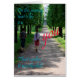 男の子と女の子の歩くが明るい晴れた日に道に並び、木々が道の向こうに影を落とす。人生を価値あるものにする気持ちを持って。
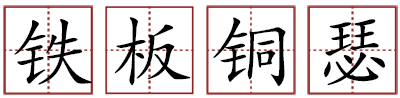 北宋时期,苏轼带他随从外出郊游,他观赏山崖的金鸡菊,随从在一旁高唱苏轼的歌词。苏轼问他们自己与柳永的词有什么不同。随从说:柳郎中的词只可借17岁的女孩子执红牙拍板唱“杨柳外晓风残月”,您的歌词得请关西大汉持铁板唱“大江东去”。后用来形容豪迈激越的文章风格。
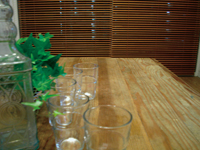 【1】グラスを奥に並べたいが、テーブルの長さが足りないために、グラスを置けない【1-1】。そこで「Vanishing Point」の機能を使って、3Dの奥行きを設定しよう。フィルタメニュー→"Vanishing Point"→[画作成ツール]で板の目に沿ってグリッドをつくる【1-2】。
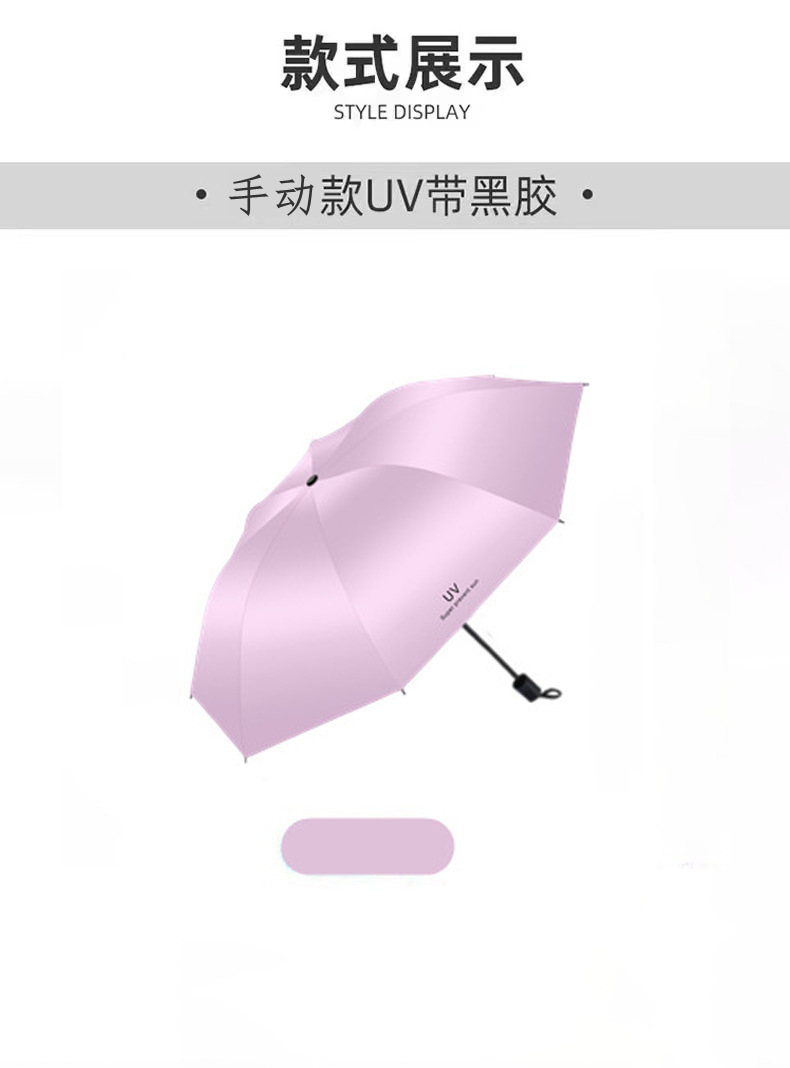 UV 수동 검은 접착제 선 스크린 햇살 우산 이중 목적 우산 접히는 태양 우산 핑크/난간스토어 가기
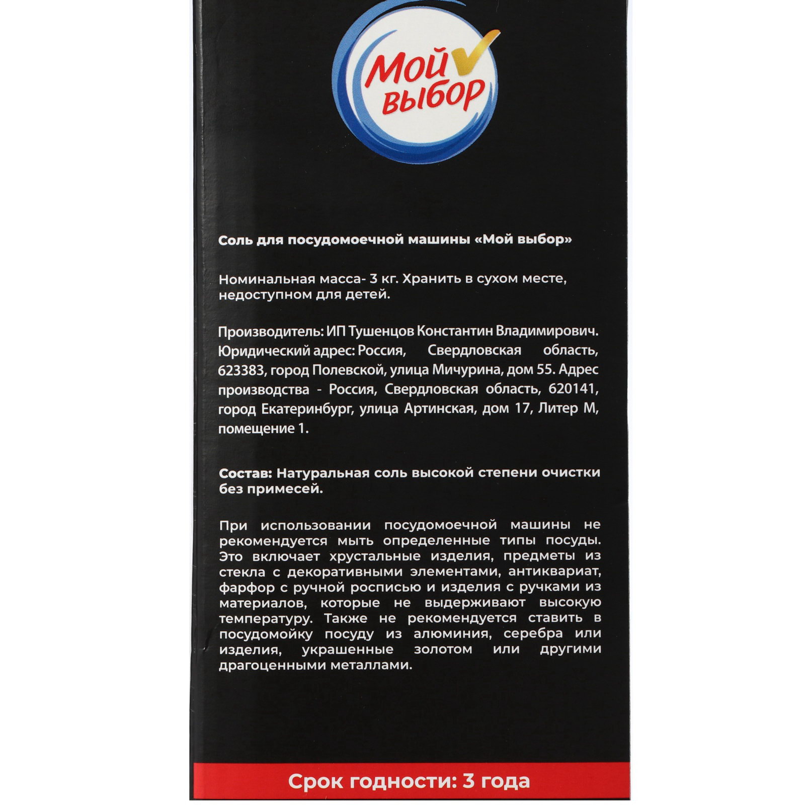 Соль для посудомоечной машины "Мой Выбор", 3 кг, Мой выбор, Россия
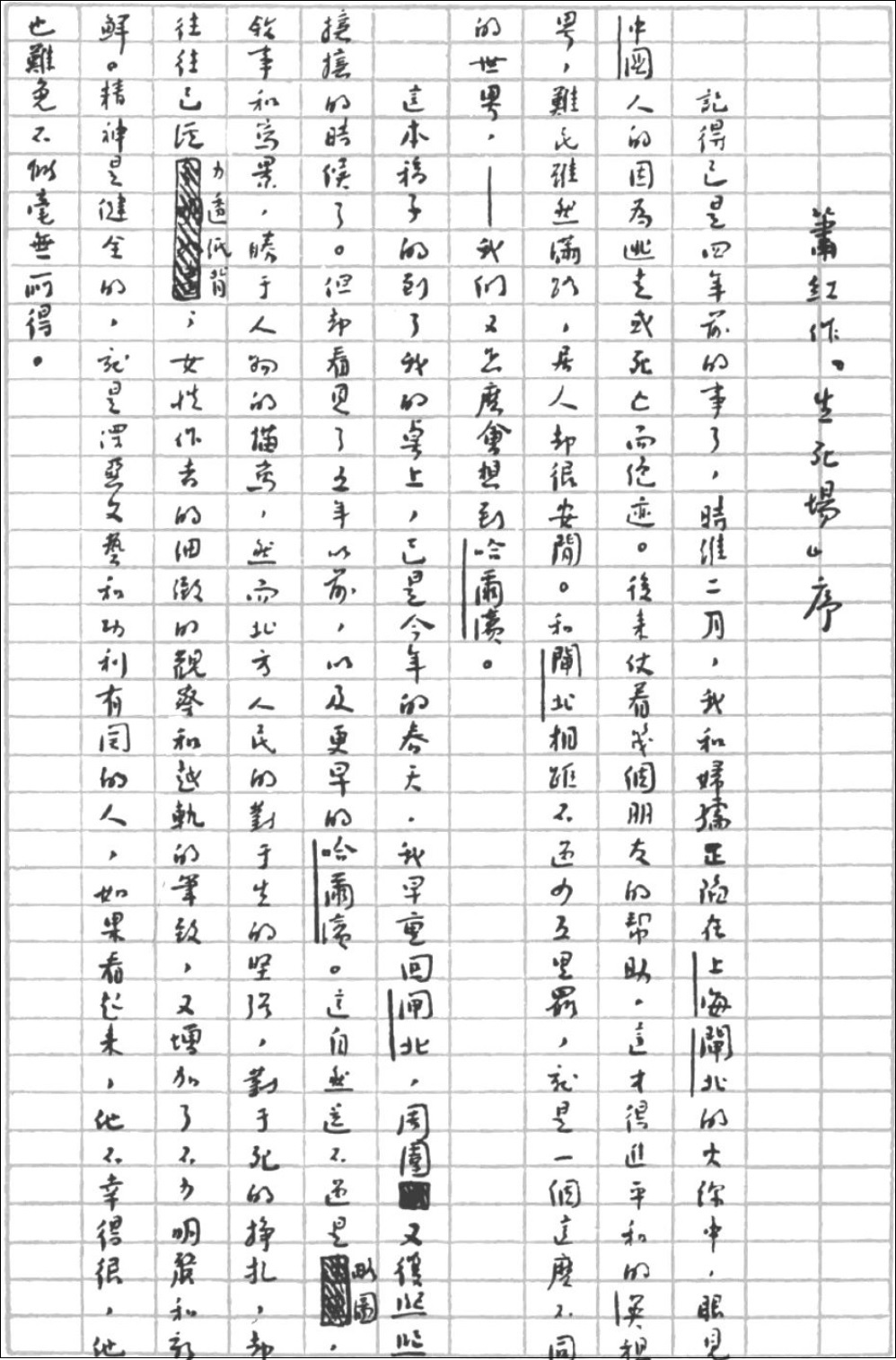 魯迅對后輩作家多關切照顧,并提供無私的幫助。在現存魯迅書信中,與蕭軍、蕭紅的通信即有20封之多,魯迅還慷慨為二人作品作序。讀罷《生死場》后,魯迅大為激動,在他看來,蕭紅的小說給人以堅強和掙扎的力氣,“現在是一九三五年十一月十四的夜裡,我在燈下再看完了《生死場》。周圍像死一般寂靜,聽慣的鄰人的談話聲沒有了,食物的叫賣聲也沒有了,不過偶有遠遠的幾聲犬吠。想起來,英法租界當不是這情形,哈爾濱也不是這情形;我和那裡的居人,彼此都懷著不同的心情,住在不同的世界。然而我的心現在卻好像古井中水,不生微波,麻木的寫了以上那些字?!痹跍陂g,蕭紅經常拜訪魯迅、許廣平夫婦,是他們難得的忘年交。魯迅逝世后,蕭紅的長篇散文《回憶魯迅先生》真摯動人,業已成為綿長豐贍的魯迅紀念史中一部無法回避的經典作品。

_WORK TO BE COMPLETED_. Extract all the entries word for word; omit any pictures.

_TASK OUTPUT_.
 男の子と女の子の歩くが明るい晴れた日に道に並び、木々が道の向こうに影を落とす。人生を価値あるものにする気持ちを持って。
 北宋时期,苏轼带他随从外出郊游,他观赏山崖的金鸡菊,随从在一旁高唱苏轼的歌词。苏轼问他们自己与柳永的词有什么不同。随从说:柳郎中的词只可借17岁的女孩子执红牙拍板唱“杨柳外晓风残月”,您的歌词得请关西大汉持铁板唱“大江东去”。后用来形容豪迈激越的文章风格。
 【1】グラスを奥に並べたいが、テーブルの長さが足りないために、グラスを置けない【1-1】。そこで「Vanishing Point」の機能を使って、3Dの奥行きを設定しよう。フィルタメニュー→"Vanishing Point"→[画作成ツール]で板の目に沿ってグリッドをつくる【1-2】。
 UV 수동 검은 접착제 선 스크린 햇살 우산 이중 목적 우산 접히는 태양 우산 핑크/난간스토어 가기
 Соль для посудомоечной машины "Мой Выбор", 3 кг, Мой выбор, Россия
 魯迅對后輩作家多關切照顧,并提供無私的幫助。在現存魯迅書信中,與蕭軍、蕭紅的通信即有20封之多,魯迅還慷慨為二人作品作序。讀罷《生死場》后,魯迅大為激動,在他看來,蕭紅的小說給人以堅強和掙扎的力氣,“現在是一九三五年十一月十四的夜裡,我在燈下再看完了《生死場》。周圍像死一般寂靜,聽慣的鄰人的談話聲沒有了,食物的叫賣聲也沒有了,不過偶有遠遠的幾聲犬吠。想起來,英法租界當不是這情形,哈爾濱也不是這情形;我和那裡的居人,彼此都懷著不同的心情,住在不同的世界。然而我的心現在卻好像古井中水,不生微波,麻木的寫了以上那些字?!痹跍陂g,蕭紅經常拜訪魯迅、許廣平夫婦,是他們難得的忘年交。魯迅逝世后,蕭紅的長篇散文《回憶魯迅先生》真摯動人,業已成為綿長豐贍的魯迅紀念史中一部無法回避的經典作品。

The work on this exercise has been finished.